Two exciting new exhibitions are coming soon to the MODEM Center for Modern and Contemporary Art. On 20 July, a retrospective exhibition of sculptor Mária Berhidi, who died last year, opened, and from 3 August, the video work Rumi Dreams by acclaimed Turkish multimedia artist Anadol Refik will be on show.
Remembering the present – Mária Berhidi’s life exhibition
20 July 20, 2024 – 11 November 2024
Mária Berhidi’s retrospective exhibition, opening in the second floor exhibition space of MODEM, aims to reveal the full extent of the late artist’s somewhat hidden, at once sensitive and sensual conceptual-minimalist sculptural oeuvre, her personal and professional collaboration with fellow artists (Mariann Imre, Ilona Lovas, Kamilla Szíj, Erzsébet Vojnich) and her influential work as an art organizer. To evoke the latter, thirteen artists from his curatorial period at the Óbuda Society Gallery have been invited to participate in the exhibition.
In her first period, Mária Berhidi mainly created female body torsos, which presented female sensibility, corporeality and sexuality in an individual voice, in their own right. These erotic works, which demand tactility, transforming the stone into a skin-like surface, are typically unstable, often mobile and always retain some of the raw surface of the stone, indicating the natural origin of the material and inspiration. Later on, the body torsos were replaced by quasi-geometric compositions in a minimalist formal language, where the stone used – Berhidi deliberately created using waste from quarries, so-called ‘windstones’ – was at the limit of its physical tolerance: his works are ‘dangerous’, fragile, and their balance is maintained in extreme ways.
Around the turn of the millennium, her art turned towards installations composed in space, and her use of materials became more varied: in addition to stone, wood, textiles, metal and found objects were used to create these monumental works, mostly room-sized in scale, in which – as in her early works – personality reappeared.
From 2007 to 2007, she was the artist curator of the Óbuda Society Gallery for 15 years. There is a lot of overlap between her curatorial program and the objectives of MODEM. On the one hand, it promoted the youngest generation of artists and the presentation of rarely publicised works, and on the other, it gave space to installation art and, in particular, to contemporary sculpture with an individual voice.
The exhibition Remembering the Present provides an overview of Mária Berhidi’s unique art and introduces her generational co-creators and the points of intersection of her curatorial approach.
Exhibiting artist: Mária Berhidi
Participating artists: András Cséfalvay, Ágnes Deli, Balázs Faa, Mariann Imre, Margit Koller, Endre Koronczi, Áron Kútvölgyi-Szabó, Ilona Lovas, Csilla Nagy, Sára Richter, Gábor Roskó, Ádám Szabó, Borbála Szanyi, Kamilla Szíj, Péter Türk, Ottó Vincze, Erzsébet Vojnich
Curators: Szabolcs Süli-Zakar – Gábor Andrási


Refik Anadol: Rumi Dreams
3 August 2024 – 29 September 2024
Refik Anadol is the star creator of contemporary art, the first solo exhibition of his work in Hungary. In 2023, he transformed Las Vegas’ Sphere into the world’s largest AI-generated artwork, while his swirling, mesmerising light show was on display at New York’s MOMA for a year, and at the end of the year Anadol made the Grammy Gala unforgettable with his spectacular stage show.
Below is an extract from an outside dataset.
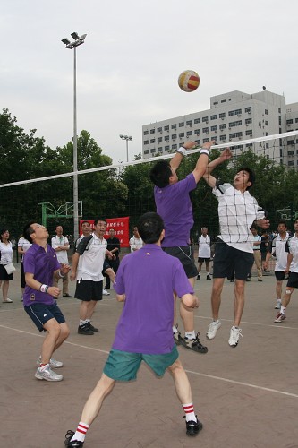 E流網訊(通訊員 段明)2009年教職工排球比賽6月9日下午5時,在學校北校區排球場開幕。連日來,各分會代表隊整齊著裝,神采奕奕,斗志昂揚。賽場上熱氣騰騰,揮汗如雨,比賽異常精彩、激烈。觀眾的吶喊聲、歡呼聲此起彼伏連連不斷。
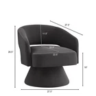 Specifications Place of Origin China Main Color Dark Gray Main Material Velvet Filler Foam Product Style American Design,Contemporary,Luxury,Mid-Century Modern,Modern Use Case Primary Living Space Dangerous Goods #dangerFlag# Dimensions & Weights Assembled Length (in.) 27.50 Assembled Width (in.) 27.50 Assembled Height (in.) 29.50 Weight (lbs) 34.00 Product Features Appearance: Graceful silhouette with sloped arms, An amazing chair for any room in your home, such as living room, bedroom or office. Construction: 360 degree swivel base features tasteful wood accent base detail, the armchair is with upholstered seat and curve backrest ,allows great flexibility in your space. Product Size: 27.5'x27.5'x29.5' Seat width :22.5' Seat depth: 22.5' Seat Height: 18” Material: Solid wood +Velvet+Foam Assembly: Tools is included for easy assembly. Description Modern Swivel Accent Chair Modern Design: The modern swivel chair features a sleek and contemporary design, incorporating clean lines and a minimalist aesthetic to complement various interior styles. Ergonomic Comfort: This chair is designed with ergonomic considerations, providing ample support for the back and arms, ensuring a comfortable seating experience for extended periods. Versatile Functionality: Whether used in a home office, living room, or study, this chair's versatile functionality makes it a stylish and practical seating solution for various settings. 360-Degree Swivel With its 360-degree swivel capability, this lounge chair provides users with the freedom to effortlessly rotate and engage with their surroundings, enhancing convenience and accessibility. The chair's design prioritizes comfort and relaxation, with a focus on providing a supportive yet comfortable seating experience, encouraging rest and leisure.

This August, the video work of the acclaimed Turkish multimedia artist Rumi Dreams will visit Debrecen. Refik Anadol is a Turkish digital/new media artist living in Los Angeles since the early 2010s, a pioneer of AI art applications, a recipient of numerous international awards and a leading figure in contemporary visual arts. From airports to concert halls, from public spaces to world-renowned contemporary museums, his large-scale works have been exhibited in venues from Charlotte, North Carolina, to the Venice Biennale, Istanbul, Seoul and Melbourne, and around the globe. Istanbul-born, American-based artist Rumi Dreams, a large-scale, 32 m2 LED wall video work by Istanbul-based artist Rumi, is on show at MODEM in memory of the 13th century Persian poet, philosopher, scholar and Sufi mystic Mevlana Jallaludin Rumi. The exhibition aims to illustrate how digital and traditional art can be mixed to create an immersive experience. Rumi Dreams is also part of MODEM’s series of projects in which literature, one of the most important elements of Debrecen’s cultural identity, is allied with literature, offering new opportunities for interaction between different artistic disciplines.

As part of the Turkish-Hungarian Cultural Year 2024 and the 58th Debrecen Flower Carnival, the exhibition of Refik Anadol, the world-renowned Turkish media artist, will be one of the highlights of the event, which is being held to celebrate the 100th anniversary of Turkish-Hungarian diplomatic relations.
The exhibition at MODEM is a collaboration between the Municipality of Debrecen, the Municipality of Konya, the Turkish Embassy in Budapest and MODEM Debrecen.